Tradisi Mekepung (Sumber Foto: Koleksi Redaksi)
Penentuan pemenang dalam Mekepung tidak hanya didasarkan pada pasangan kerbau mana yang mencapai garis finish terlebih dahulu. Hal yang menarik adalah bahwa pemenang juga ditentukan oleh jarak dan kecepatan relatif antar peserta. Seorang peserta akan dianggap pemenang jika dia mencapai garis finish terlebih dahulu dan dapat menjaga jarak 10 meter dari peserta di belakangnya. Ini menciptakan elemen strategi yang menarik dalam perlombaan, karena peserta harus memutuskan kapan waktu yang tepat untuk mempercepat dan menjaga jarak dari peserta lain.
Namun, jika peserta di belakangnya berhasil memperkecil jarak menjadi kurang dari 10 meter, maka peserta di belakang tersebut yang akan keluar sebagai pemenang. Aturan ini memberikan peluang bagi peserta yang lebih lambat untuk mengejar peserta yang berada di depannya dan membuat perlombaan menjadi lebih dinamis.
Tradisi Mekepung (Sumber Foto: Koleksi Redaksi)

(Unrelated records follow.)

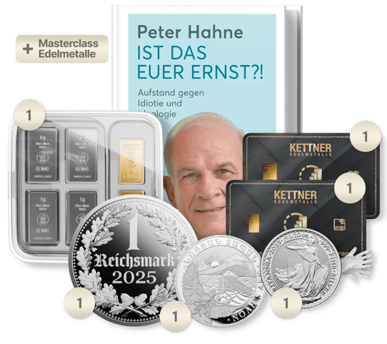 4. Zusätzliche Gratiszugaben sind eine limitierte 1 Unze Silber Reichsmark Medaille aus 999er Fine Silber in höchster Prägequalität Polierte Platte PP, Münzhandschuhe, die Zugangskarte für die Kettner Edelmetalle Masterclass, sowie ein Buch von Peter Hahne.
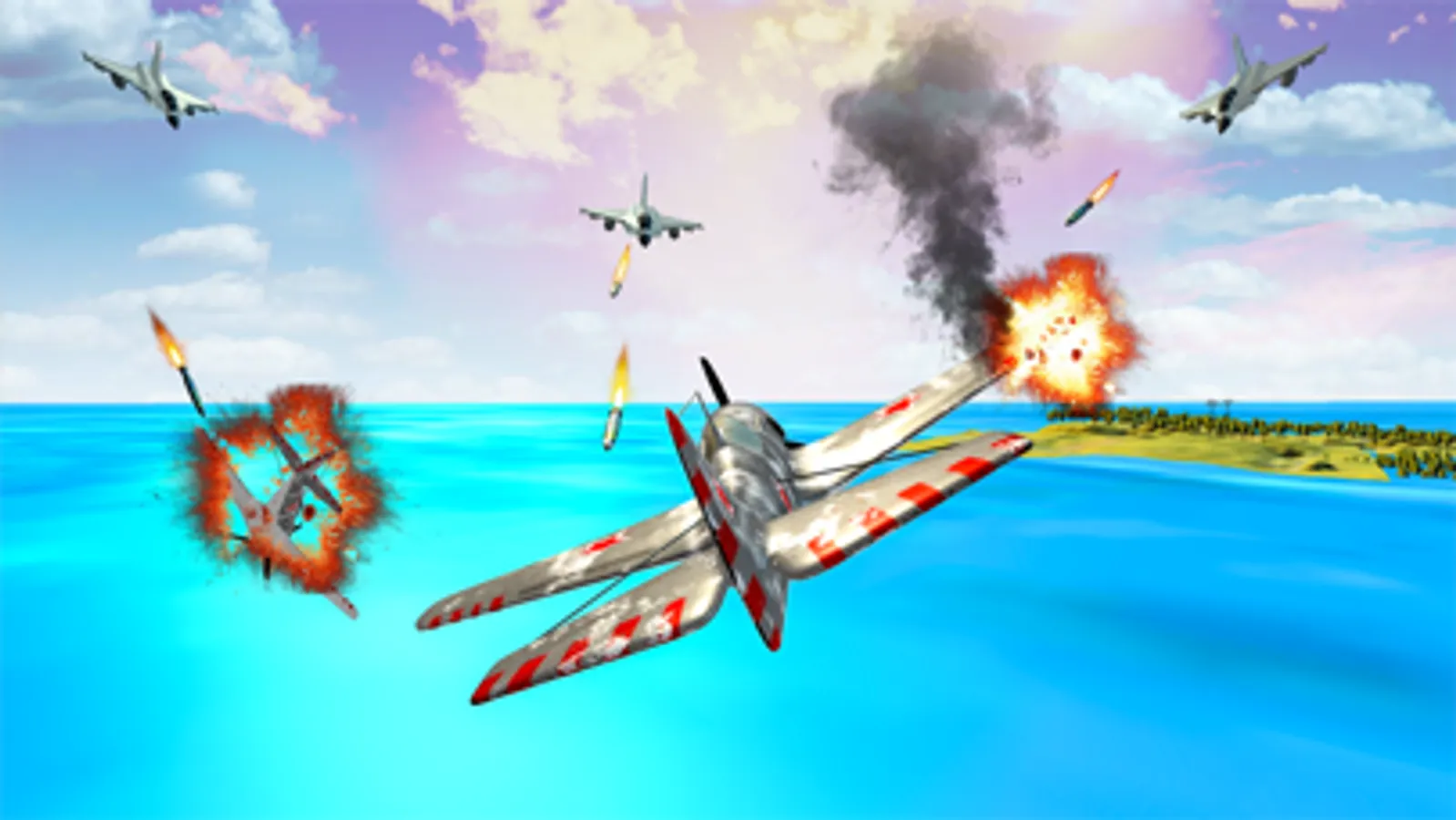 Some of the main features of the game include realistic air base features, giving you the perfect experience. The changeable camera orbit helps in navigating smoothly across the skies and gives you the perfect 3D involvement. It is a fun aircraft shooting game with realistic sounds and detailed graphics. With such amazing and fun features, this plane shooting game offers a gameplay that is easily understood and familiar. The challenge is to destroy your targets by using your air simulator to combat the enemies through air strikes, win the war and land safely back in your air base. Save yourself from the attack of the enemy. A full action gameplay and it is super fun to play. You can get the best aviation training and help protect your air base in this exciting airplane fighting game. Join the fierce air combat and complete your missions by destroying your enemies in this amazing airplane simulation game.
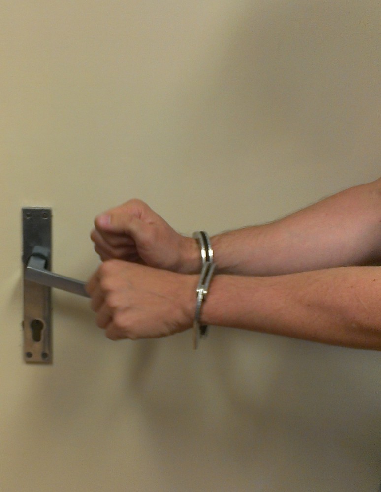 Strážníci museli vysvobodit muže, který se zamkl do svých pout
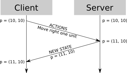 服务器向所有客户端广播两个带有时间戳的游戏状态。然后,每个客户端在状态n和n+1之间插入。在此期间,任何用户输入都被发送回服务器,然后服务器被合并到状态n+1和n+2中,这些状态在下一次广播中被发送。当客户端在插值中到达n+1时,用新的n+1和n+2对n+1进行校正。
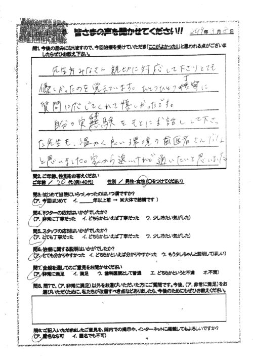 歯周病治療(越谷市宮本町在住) Posted on 2019年3月26日 by parasion8020 以前通院していた所に不満はなかったのですが、高齢になりパラシオンさんが自宅のすぐ前と言う事と、先代の先生、奥様の時、お世話になった事を思い出し、通院させていただく事にしました。 今後の治療の説明が 分かりやすく、安心して、受けられると 思いました。 これからも宜しくお願い致します。

Bagi masyarakat Jembrana, Mekepung bukan sekadar balapan kerbau biasa. Tradisi ini memiliki makna yang dalam. Mekepung dianggap sebagai bentuk rasa syukur kepada Sang Hyang Widhi Wasa karena hasil panen yang melimpah. Mekepung juga menjadi ajang untuk mempererat persaudaraan antarwarga dan menunjukkan kegigihan serta semangat pantang menyerah. Pelaksanaan lomba Mekepung juga diharapkan dapat memberikan dampak positif terhadap sektor lain seperti pertanian dan peternakan, karena dengan adanya tradisi mekepung terbukti mampu mencegah terjadinya alih fungsi lahan pertanian.
Dengan melestarikan dan mengembangkan Tradisi Mekepung, mendapatkan manfaat dalam hal pariwisata, ekonomi, dan pelestarian budaya. Dalam setiap balapan Mekepung, kita dapat melihat kerbau yang bekerja keras dihormati dan dirayakan. Tradisi ini adalah contoh nyata bagaimana warisan budaya dapat menjadi daya tarik wisata yang kuat dan memberikan kontribusi yang signifikan bagi perkembangan wilayah dan negara. Dengan demikian, Mekepung adalah contoh sempurna dari bagaimana tradisi budaya dapat dijaga dan dihargai sambil mendukung pertumbuhan ekonomi lokal.